Pump boats cross regularly from Ortiz in Iloilo City to Jordan, Guimaras, taking about 20 to 25 minutes per journey. Other ferries leave from the Parola Wharf in Iloilo to Buenavista, Guimaras. The Parola Wharf is used exclusively during rough weather conditions especially by ferries from Jordan-Ortiz. A roll-on/roll-off ferry travels around 5 times a day but is mostly used to transport cargo such as sacks of charcoals and root crops across the Iloilo Strait.

There is also a pump boat service connecting the town of San Lorenzo to Pulupandan in Negros Occidental.

Government
The Governor of Guimaras is Joaquin Carlos Rahman A. Nava, a member of the National Unity Party. The province's Vice Governor is John Edward G. Gando, a member of PDP–Laban. Guimaras is represented in the Philippine House of Representatives by Lucille Nava, also a member of PDP–Laban.

Tourism
Guimaras attracts tourists particularly in May, when the Manggahan Festival takes place. In the festival, locals wear mango-inspired costumes and design mango-themed floats in a parade that makes its way around the island.

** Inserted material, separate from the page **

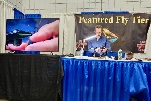 The 2024 International Fly Tying Symposium has come and gone, leaving in its wake many fond memories, new tying swag, and new acquaintances made. The event runs from Saturday to Sunday; Saturday is typically the busy day, with crowds dwindling by Sunday afternoon (it’s hard to compete with the NFL). If you’ve never been, you should, because it’s a tremendous opportunity to watch some of the best tyers in the world in action. You can meet them, watch them, talk to them, ask questions — I do all of that when I take a break and walk the room. There are private classes where you can receive personalized instruction. There are seminars that are included in the price of your ticket. And four times a day, featured fly tyers who tie and present to a small audience.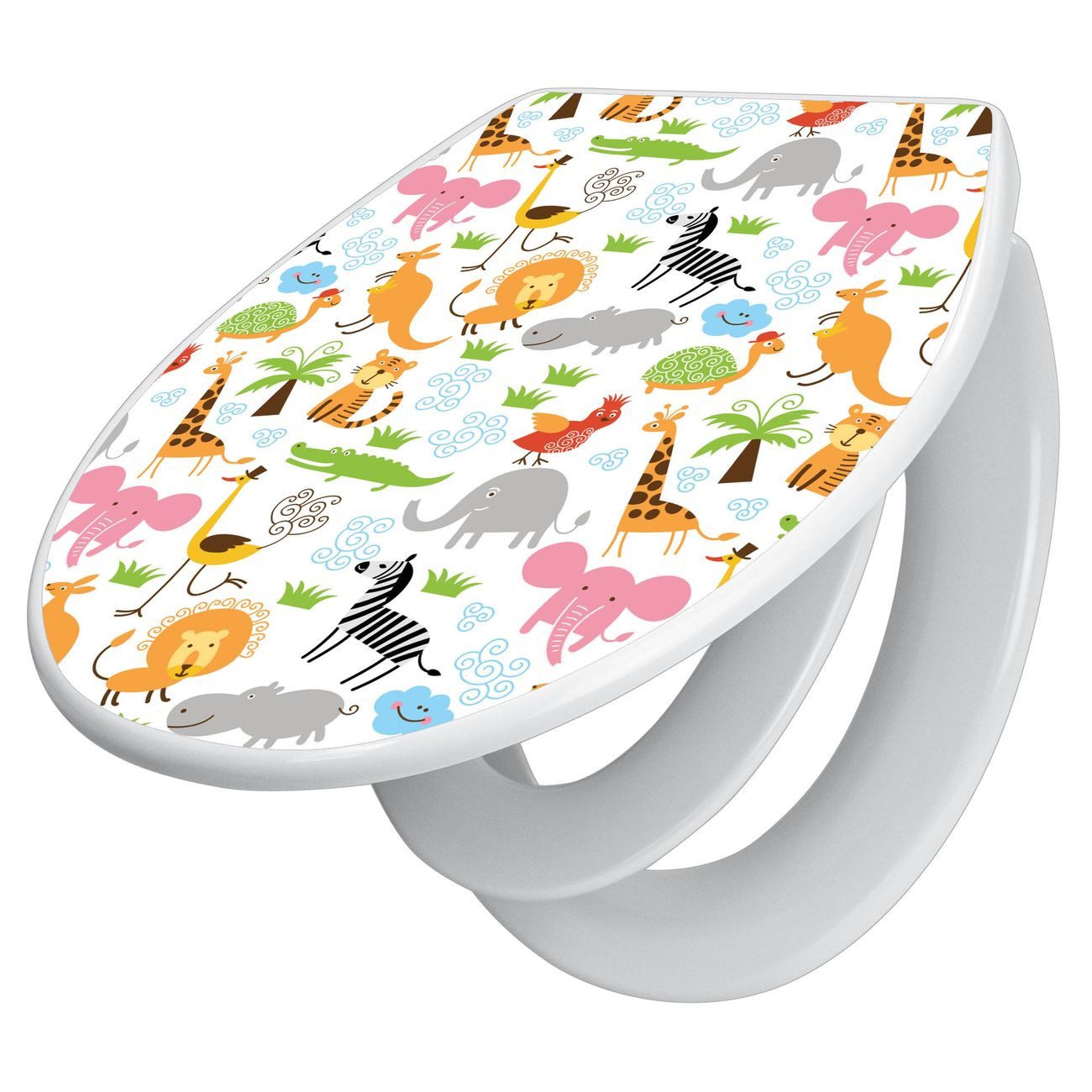 banjado WC-Sitz Motiv Fröhliche Tiere (mit Kindersitz, integrierte Scharniere), ‎44 x 37 x 5cm

Pastries and confectionery with mango ingredients, as well unprepared mangoes, are also sold in relatively large quantities. Tourism also includes visits to agricultural areas across the island, such as the Oro Verde Mango Plantation.

The island is also a growing destination for ecotourism. Talkong Island, off Guimaras' south coast, is a area of natural beauty recognized by the Philippine government. Tourists frequently visit areas such as the Guisi, Alubihod, Tatlong Pulo, and Natago beaches. Ave Maria Island is another ecological destination near Jordan. Some tourists also choose to visit the San Lorenzo Wind Farm, a series of turbines located near the island's eastern coast.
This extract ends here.